Obesity an important cause of high output heart failure

Obesity an important cause of high output heart failure

Conventionally we have been taught that causes of high output failure are anemia, thyrotoxicosis, beriberi and arteriovenous fistula. But modern day data is changing. A retrospective analysis of patients with high output heart failure from the cath lab of Mayo Clinic [1] showed that obesity was the commonest cause contributing to almost one third of cases. This was followed by liver disease and arteriovenous shunts contributing about one fourth of cases each, lung disease and (16%) and myeloproliferative disorders (8%). Of course some bias in these percentages is possible because patients with anemia, thyrotoxicosis and beriberi are unlikely to be referred for cardiac catheterization as part of evaluation of high output failure!
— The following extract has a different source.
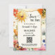 Whimsical Save the Date card featuring your favorite photo on the front. The back shows a fun cheerful design with a laughing sun on watercolor wildflowers with butterflies. A QR code template is easy to customize (or delete in case you don't need it).

In fact they excluded a case of thyrotoxicosis and cases with severe anemia were excluded as it is a well described reversible condition.
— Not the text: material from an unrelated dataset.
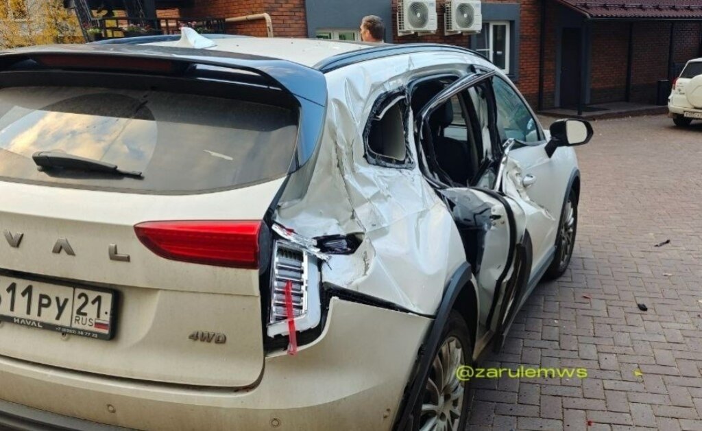 ДТП произошло в Чебоксарах на улице Сверчкова. 47-летний местный житель за рулем кроссовера Toyota Fortuner снес забор, прилетел в соседний двор и врезался в припаркованный Haval.

The need for perfusing large amount of tissue in obesity is possibly the cause of vasodilation and high output failure. There is excessive reduction of afterload, plasma volume expansion and higher ventricular filling pressures, which contribute to the pathophysiology of high output heart failure. Left ventricular efficiency is halved when it utilises fatty acids instead of glucose as primary substrate. Obesity related sodium retention and plasma volume expansion causes significant cardiac dilatation.

A new concept is the leptin-aldosterone-neprilysin axis which comes into play in heart failure due to obesity [2]. It contributes to all the three types of heart failure which can be seen in obesity – heart failure with reduced ejection fraction (HFrEF), heart failure with preserved ejection fraction (HFpEF) and high output heart failure. Signalling through leptin receptor in obesity increases activity of the sympathetic nervous system and renin-angiotensin system. Renal sympathetic nerves cause overactivity of neprilysin, which in turn reduces the counterbalancing effect of natriuretic peptides.

References

1. Reddy YN, Melenovsky V, Redfield MM, Nishimura RA, Borlaug BA. High-Output Heart Failure: A 15-Year Experience. J Am Coll Cardiol. 2016 Aug 2;68(5):473-82. (Open Access)

2. Packer M. Leptin-Aldosterone-Neprilysin Axis: Identification of Its Distinctive Role in the Pathogenesis of the Three Phenotypes of Heart Failure in People With Obesity. Circulation. 2018 Apr 10;137(15):1614-1631.